A tenor de su discurso del 28 de julio, el presidente Humala pasará a la historia sin gloria debido a lo que no ha hecho hasta hoy y parece que no hará en este quinto año, y sin pena, porque no puso el impulso necesario para seguir liderando el desarrollo económico ni acometió firmemente el camino hacia la justicia social.

En su discurso no hubo ni un recuento del año, que es lo que se exige de un mensaje presidencial, ni dirección ni liderazgo para mover a sus paisanos en este nuevo período de 365 días con entusiasmo detrás de metas que son necesarias para consolidar nuestra democracia formal y hacerla avanzar más hacia lo real.

Ni una palabra en materia de institucionalidad democrática. Olvido total de su promesa de darle solución al problema generado por la imposición que la dictadura hizo del texto que en 1993 llamó entre los aplausos de los más favorecidos económicamente como “Constitución” cuando no era otra cosa, como dijo Valentín Paniagua en su momento, que un estatuto de ocupación que le impusieron los que se hicieron del poder con la fuerza de Hermoza, Montesinos y otros militares absolutamente desleales para con nuestro Perú.

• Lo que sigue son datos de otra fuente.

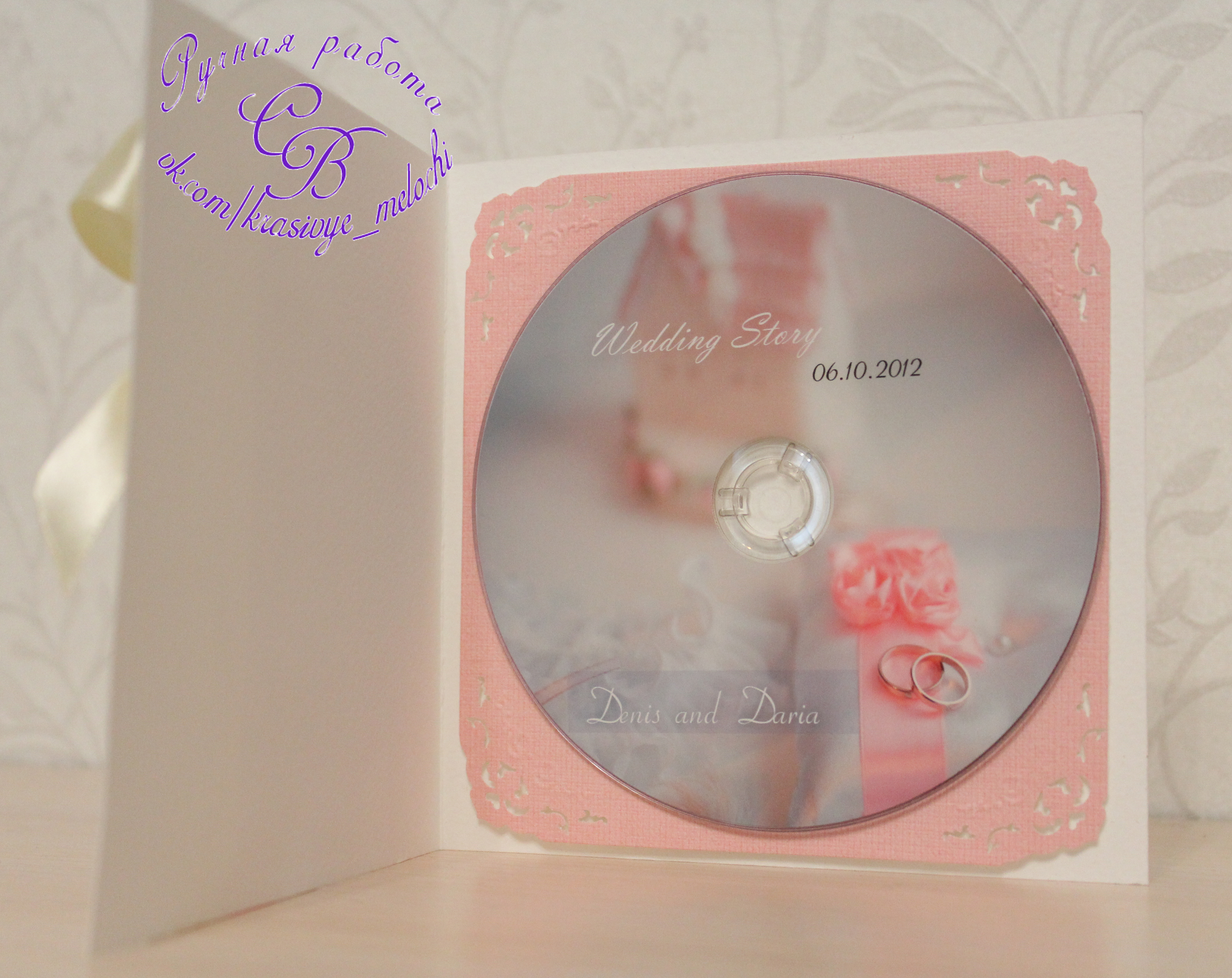 Открытка-конверт для диска со свадебными фотографиями. Открытка выполнена в розовых тонах, в цвет свадьбы, и дизайн открытки схож с приглашениями на свадьбу.

No quiere ver que cada uno de los conflictos sociales enarbola como primer punto el cambio de ese texto impuesto y la demanda de un orden social donde todos se sientan parte y tengan, efectivamente, algo que decir y canales para manifestarlo.

En 2011 juró “por las puras”. Ni los valores ni el espíritu de la Constitución de 1979, la mejor que ha tenido nuestra República, han estado presentes en estos cuatro años y parece que tampoco van a estarlos en el quinto.

En un estado presidencialista, la función de dirección, de faro orientador, de movilizador que debe ejercer el más alto magistrado de la Nación, es esencial para que el país avance, se mueva, se ilusione con el logro de algunas metas que él tiene el deber de trazar.

Humala demostró casi de salida, con este discurso, que lo de Locumba estuvo mucho más cerca de una coartada para el zarpe del “Karisma” que una repetición bien tardía y sin peligro de lo que con coraje y pundonor hicieron Jaime Salinas y los valientes del 13 de noviembre de 1992.

Demostró que en 2011 ganó solo porque Fujimori disfrazado de Keiko era su rival y ya hubiera sido demasiado volverle a entregar el poder al aspirante a senador japonés. Fuera de eso nada. En efecto, fue el mal menor. ¡Qué pena!